What evidence does the CBO cite? Some key articles cited include:

  • Du Bois et al. 2015. This study estimates the elasticity as 0.23 In terms of market size and new drug development, market size refers to the total sales of competing drugs multiplied by the prices of these drugs.
  • Acemoglu and Linn 2004The author discovers the elasticity of new drugs relative to market size 4.0.
  • 2019 CBOThe CBO estimated the impact of drug price negotiations on the federal government’s savings and future innovations, and found that drug price negotiations will result in a reduction of 8 drug approvals in the United States between 2020 and 2029, but a reduction of 30 drugs between 2030 and 2039 . Assume that 30 new drugs are approved each year.The model uses elastic estimates that increase over time 0.5 18 years later.
  • Estimated market entry research. CBO uses from Blume-Kahout and Sood (2013), Dimas (2013) and a Khmelnitskaya (2020) These estimated working papers.
  • Delanov et al. (2020). This research-together with Blume-Kahout and Sood (2013) ——It shows that it takes several years for drug pricing policy to affect innovation. Both papers used the emergence of Part D of Medicare to quantify this impact.
  • Heckman and Honoré 1990. This Roy model is used to estimate returns. The observed returns from the Part D data used by the CBO provide a biased result because they only include returns for successful drugs. This paper shows that if it is assumed that the benefits and costs are bivariate normally distributed, and the benefits and costs are equal in the long run, then the estimated benefits and costs can be determined.
  • Over time, an estimate of the return on life sciencesDue to the low market share, the initial return of the pharmaceutical company is estimated to be low; it rises over time; and then it falls as new drugs—and ultimately generic drugs—enter the market.The main papers here include Dimasi et al. year 2004 with Batacharia and Vogt 2003.

The new CBO model is an update of the 2019 version.Their model uses the flexibility introduced by new drugs in life science returns 0.45The model uses drug cost estimates from Dimasi, Grabowski and Hansen (2016) And a Roy model to combine revenue and cost information. They found:

The policy example analyzed here is estimated to reduce expected returns by an average of 18%, and the model results show that it leads to an 8% reduction in new drugs after 25 years

The modeling approach basically uses a barrier model, in which the pharmaceutical company only enters the next phase of development (that is, phase 1, 2, or 3) when the expected benefits exceed the cost. The key probabilities that provide information for the model are: (i) the probability of success of the drug depends on the observations in the current stage, (ii) the potential financial benefits of entering the next stage, (iii) the cost of the drug in the next stage (iv) the financing cost (I.e. cost of capital).The probability of success and the cost of the drug phase come from Dimasi et al. 2016The return is estimated to the manufacturer based on Part D of the medical insurance, including confidential data on the rebate paid by the manufacturer. CBO uses the Generalized Method of Moments (GMM) method to solve their simulation models. Use bootstrap to estimate standard deviation.

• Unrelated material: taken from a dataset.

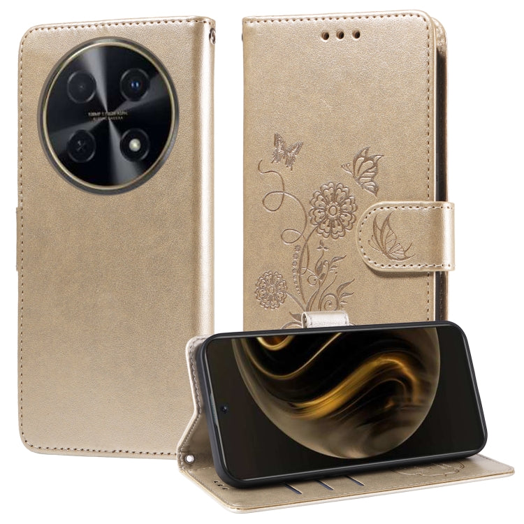 Funda de Cuero Huawei Nova 12 Se 4G con Diseño de Mariposas y Flores en Relieve (Oro Rosa)

The CBO did notice that the probability of entering each next stage for stages I, II, and III was 10%, 20%, and 90%, respectively, but these numbers were not chosen because they seem to match the data. In addition, CBO pointed out that price negotiations may increase the cost of capital for pharmaceutical companies, which will further reduce future innovation due to the increase in costs for life science companies.

Although the mass media generally believe that drug price control will not affect future innovation, CBO clearly believes that the top-down price control policy has a long-term impact on innovation.